I trust Brian Armstrong / Coinbase more than Paypal, and Paypal also requires your routing / account number.
Full disclosure: I run http://howdoyoubuybitcoins.com/ and my wife's cupcake bakery, cupsandcakesbakery.com sells cupcakes for bitcoins in San Francisco (9th/harrison)
No idea. Lots. Paypal invests a lot in security. It's not reasonable to simply say, "if Paypal does X, it must be safe to do X"; for that to hold, you have to be putting effort comparable to Paypal's into security. Most startups don't, and can't.
So, I originally signed up with a local bank, which takes 2-3 days (unfortunately). This is the same model that Paypal follows.
Since there is clearly a demand for buying bitcoins _quickly_, I believe Brian is providing both a good UX for those who want to just use their account / routing numbers, while also allowing people to get bitcoins in LESS THAN 10 MINUTES (I bought 1BTC today with coinbase / wells fargo).
I should note that Mint did the same thing in order to get access to transaction history, and they had 5 million registered users as of 2011 (source: http://qr.ae/8QB9G).
If the big banks addressed the need for APIs, startups like Mint and Coinbase could do this in a more sane way, but we're talking about big banks, and in the case of Wells Fargo they actually charge users a monthly fee for using Quicken to talk to their backend.
tl;dr- Mint asked users for bank passwords and got 5 million registrations. Likewise, Coinbase is just providing a "quick" ux path for the people who want to act quickly.
Mint was a read-only consumer of banking information. Nevertheless, the access Mint required from banks was so unusual that they were written up all over the news media for doing that, and apparently operated their own secure data center to hold that information. Further, Mint attested to doing quarterly external audits.

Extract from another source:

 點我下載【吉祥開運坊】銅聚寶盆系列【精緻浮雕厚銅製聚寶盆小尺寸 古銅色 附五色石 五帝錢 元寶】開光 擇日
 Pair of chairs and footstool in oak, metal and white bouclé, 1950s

I'm not trying to militate against using Coinbase; I'm just saying, Coinbase and Mint aren't directly comparable for more than one reason.
"Mint attested to doing quarterly external audits?" Really? It seems they didn't, or at least I can't find evidence or mention of it, and Mint support doesn't know about it.

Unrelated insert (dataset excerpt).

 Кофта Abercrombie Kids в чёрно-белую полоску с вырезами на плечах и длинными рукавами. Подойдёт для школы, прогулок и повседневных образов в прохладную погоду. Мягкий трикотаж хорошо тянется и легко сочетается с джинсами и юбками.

A Hackersafe pen test is not a security audit. A public company SEC-required annual audit is not a security audit either.
There is no audit if there is no public audit statement from the auditor. Without one, whatever security measures were taken cannot be called an audit.

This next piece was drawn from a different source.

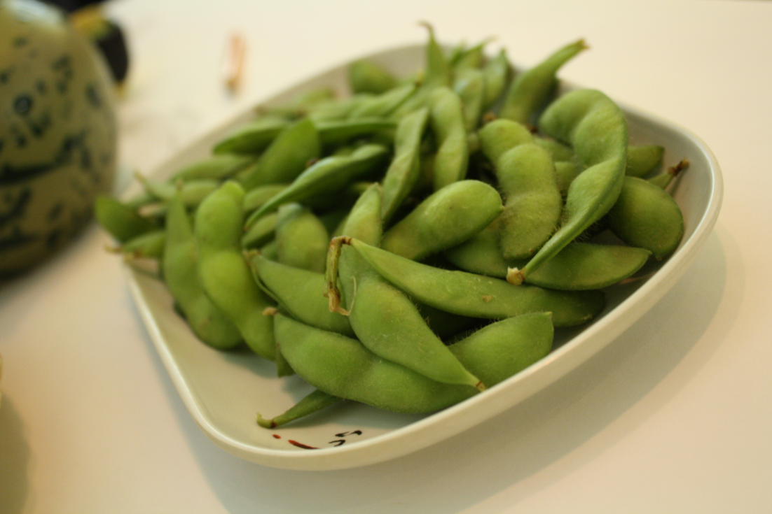 Des fèves edamame (après avoir tenté de les manger entières, on a finalement décidé de ne manger que les graines à l’intérieur… je ne sais toujours pas quelle était la bonne façon).

Perhaps some reporters (like the ones that reported on the WMD-based justification for going to war against Iraq) didn't do their jobs properly.
It's not just that Paypal is established; it's also that Paypal has put millions of dollars into its security program. Most startups haven't even seen the amount of money Paypal spends on security in combined revenue and investment.
I trust my banks with all my money. That doesn't mean it's safe to trust any company with my money, simply because banks manage to do it. I don't trust arbitrary banks, either.
I do think that a lot of Hacker News contributors have blinders on, wherein they devalue the work a big, established service has done, and compare smaller, less-established companies favorably to the same, because they have this narrative of young, smart developers "disrupting" old and established businesses. Its useful to remember that sometimes those big, old businesses are not actually brittle and incompetent, and may actually know more than you think.
Don't fall into Dunning-Kruger.
I cannot count the number of times I have heard someone question why I couldn't do something when Google seemed perfectly capable of it. Do I look like I have a couple datacenters and an elite math squad in my pants?
Like I said: ACH transactions can often be reversed; it is reasonable (though not entirely accurate --- in particular, business bank customers have few if any real protections) to model the risks of ACH transfers the way you think of credit cards. The same is not true of your bank account login information.
I don't mean to be harsh, but the fact that you're even asking for banking credentials means I want nothing do with your service, and I feel like actually shouting loudly to everyone I know not to use it either.
There have been far too many shady Bitcoin related hacks/frauds/incidents for this to be something that you should even be encouraging. What protection do your customers have if you do get hacked?
It's a fair point, and I think you're right to be wary of new services.
We debated offering instant account verification for the reasons you mentioned, but we ultimately went with it for the following reasons:
- we don't store any bank credentials on our servers after the verification completes (or fails), and take care to filter it out of any logs etc
- it allows someone to verify an account and start buying bitcoin in just a few minutes instead of 2-3 days (lowers the hurdle to getting started)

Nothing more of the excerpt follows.